Many of us saw the photo of Republican presidential nominee Mitt Romney and his family on an enormous yacht in New Hampshire's Lake Winnipesaukee. In the same series, we saw Mitt and Ann Romney zipping across the water on a jet ski followed by boats containing a security detail. Not only were the images ostentatious, but they also raised other concerns.
As Romney boated freely in the fresh water lake, several Midwestern states reached drought conditions. Great Lake states including Indiana, Wisconsin, and Illinois declared drought emergencies following a week that hovered in the 100s as well as a summer with very little rain. Many farmers face ruined crops and economic devastation and the effects will soon be felt in markets and restaurants across the country. There simply isn't enough water to maintain corn and soybean crops or grass for animal feed. Farmers, dairy producers, and others will have to turn to fresh water stores in rivers and lakes, themselves at record low levels.
This seems the perfect moment to address one of the more wasteful American pastimes -- burning gasoline in fresh water. Yachts, jet skis, and other powerboats release oil into dwindling sources of water necessary for irrigation, cleaning, and human survival. There is justification for boats used for the transport of people and goods, but none that I can think of for power boating as recreation during a drought. I have never quite seen the fun of driving over land to reach a beach in order to drive in water, but I am a swimmer who is saddened by the difficulty of enjoying quiet times or peaceful swims at most beaches. The smell of oil permeates the water and the threat of being run over is as present as it would be if I tried to cross a freeway on foot.

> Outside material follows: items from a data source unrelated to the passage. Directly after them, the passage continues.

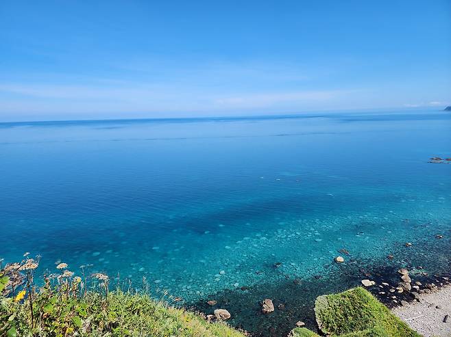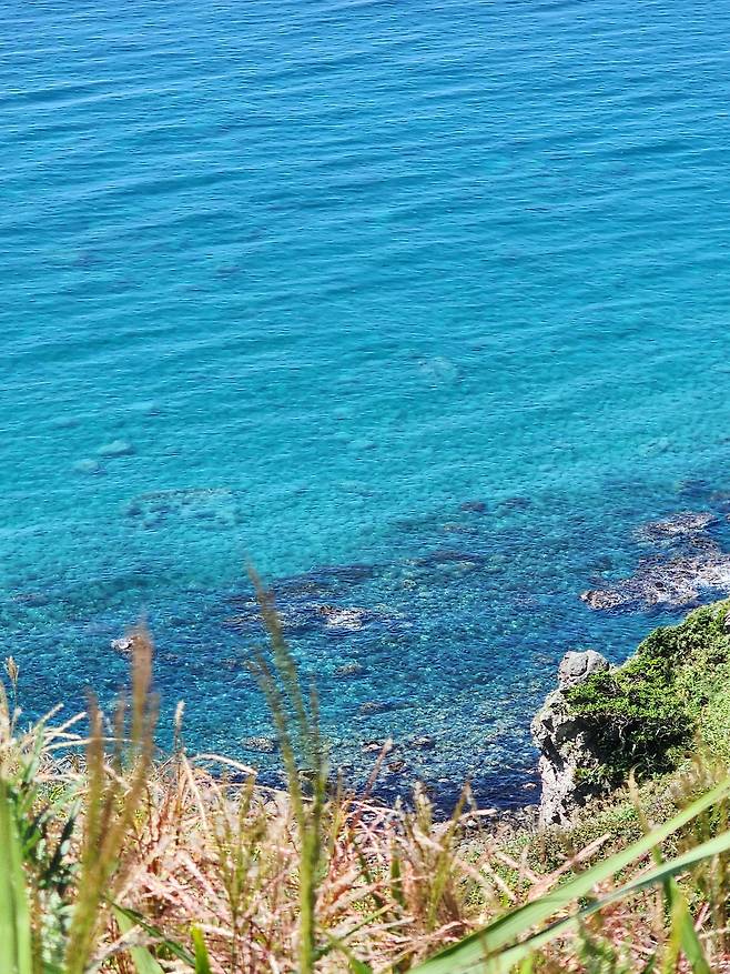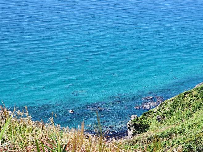 비석을 지나 언덕을 조금 올라가다 보면 금세 비경과 마주친다. 높은 절벽 위에서 바라보는 바다. 그리고 드디어 내 눈에 들어온 진정한 샤코탄 블루. 날숨을 도로 삼킬 수밖에 없는 신비로운 색이 두 팔 벌려 나를 맞이했다.
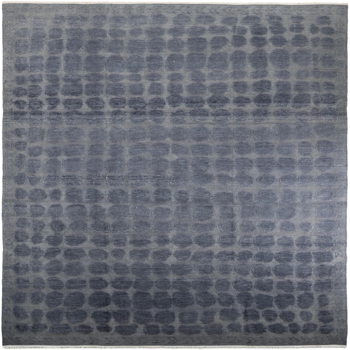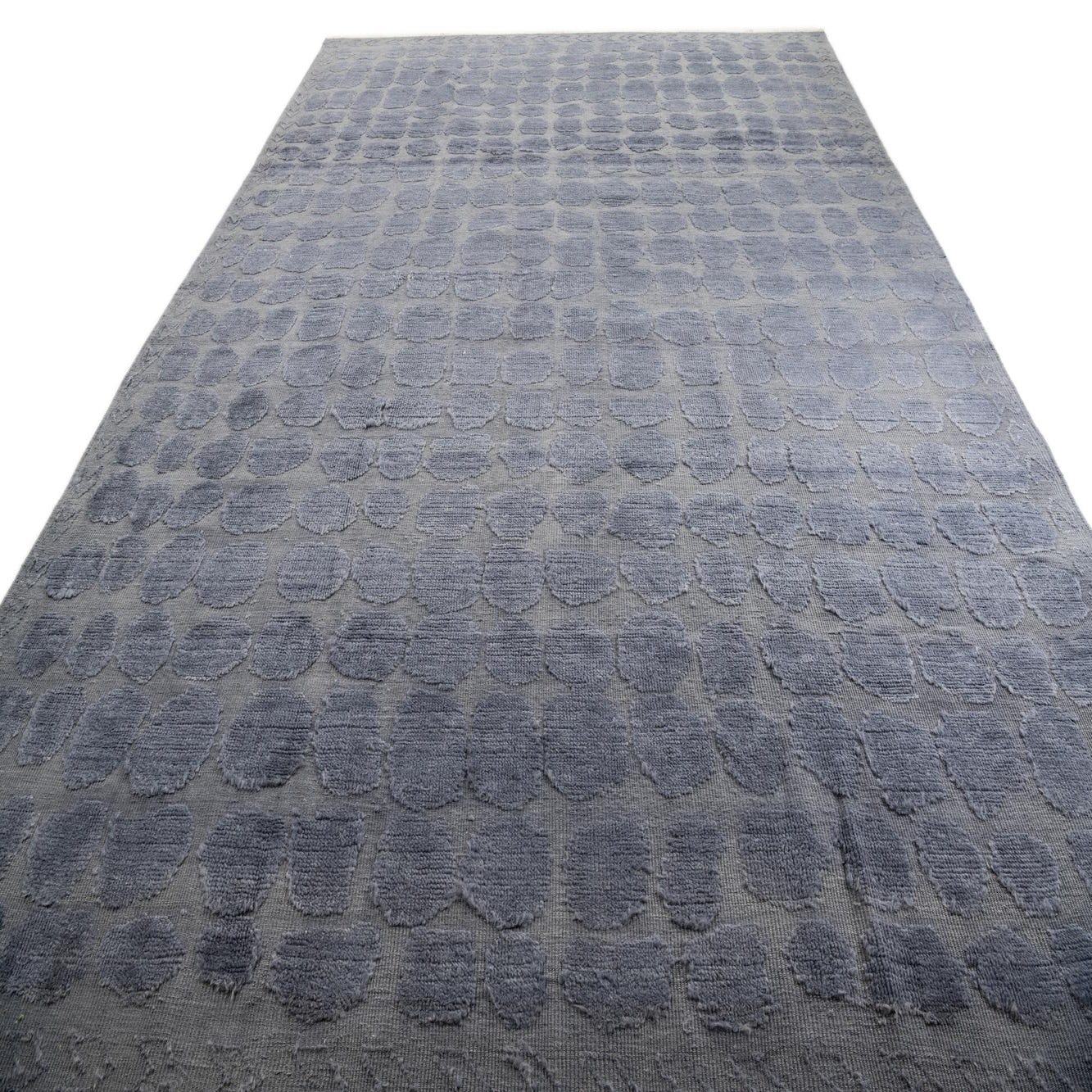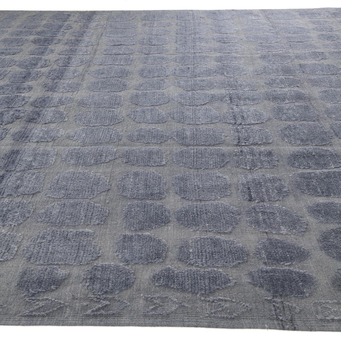 A 10x14 rectangular gray wool area rug with a modern abstract pattern of varying circular shapes.
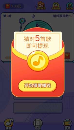 猜歌有钱赚app不仅可以享受猜歌的乐趣,还可以赢得红包和现金。曲柴歌红包版系统会自动播放各种未知的歌曲片段。玩家需要从给定的选项中选择正确的歌曲名称。你连续猜对的歌曲越多,奖励就会越丰富,而且可以在零门槛和极快的速度下收回。我们也为大家准备了丰富多彩的活动任务。任务模式简单,每个用户都可以在应用中轻松完成,满足每个用户的个性化体验需求。它拥有丰富的音乐库,包括大量的经典曲目,当前流行音乐,在线音乐和抖音流行歌曲,满足不同用户的音乐品味。
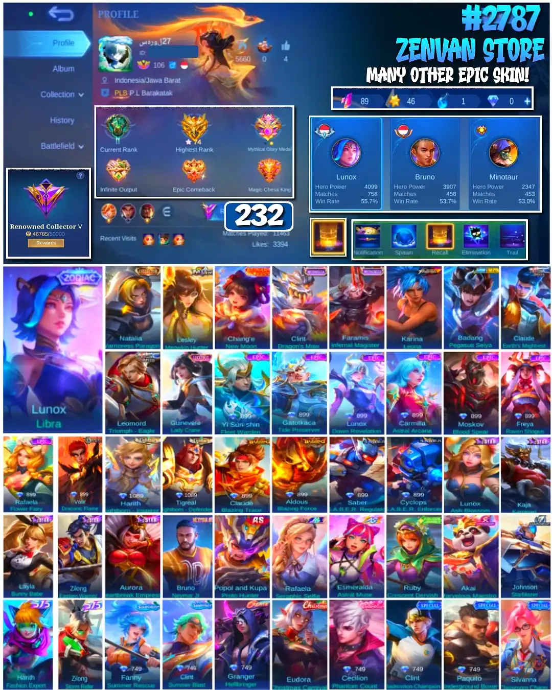 #2787 ๐ฅ 232 Skins ๐ฅ Collector Natalia ๐ฅ Seint Seiya Badang ๐ฅ KoF Karina ๐ฅ Many Epic ๐ฅ Safe Account โ
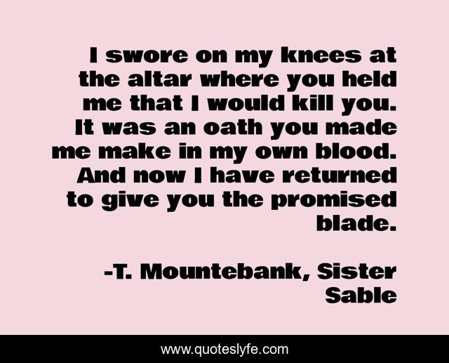 This page presents the quote "I swore on my knees at the altar where you held me that I would kill you. It was an oath you made me make in my own blood. And now I have returned to give you the promised blade.". Author of this quote is T. Mountebank, Sister Sable. This quote is about oaths-and-promises, revenge, oaths,.
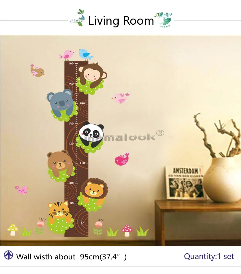 Мультяшные животные, линейка по высоте, Meaure, наклейки на стену д...
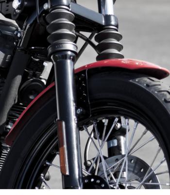 | • | Schwarze Vorderradgabel mit Faltenbälgen |

Mostly, I cannot imagine why we are not preserving the most necessary resource at this precarious time or stepping away from oil dependence in our leisure time. The idea first came to me at a Lake Michigan beach during the 2010 Deepwater Horizon Oil Spill. Everyone at the time expressed concern about the ecological impact of the spill and saw tragedy in the images of oil soaked marine and bird life. As we watched the burning oil in the Gulf of Mexico, I spoke against the burning of unnecessary oil in the Great Lakes. By unnecessary oil I mean that spewed by yachts, jet skis and powerboats in the name of a fun summer day. Now that drought is at our doorstep, I think that this is the very summer to curb the burning of oil in water and preserve the resource on which our current and future survival depends.
I am disturbed by the privatization of beaches -- long stretches cordoned off to local residents and visitors by home owners who want a spot of sand all to themselves -- and I was upset to learn that the Romney clan luxuriated on a private shoreline stretching 768 feet, more than double the length of a football field, while most of us sat on our towels on reduced public beaches. I find the Romney yacht/jet-ski photo shoot absolutely chilling during this summer of drought. If the candidate for the presidency and former governor wishes to lead, then I hope it would be by example: to refrain from excess energy use and pollution of the water. Another publicized aspect of the Romney Fourth of July vacation is the "Romney Olympics" in which all generations engage in sport and competition. Perhaps biking or taking the bus could make a future Olympic heat.
I now ask the Romneys and all others to please stop burning oil in water.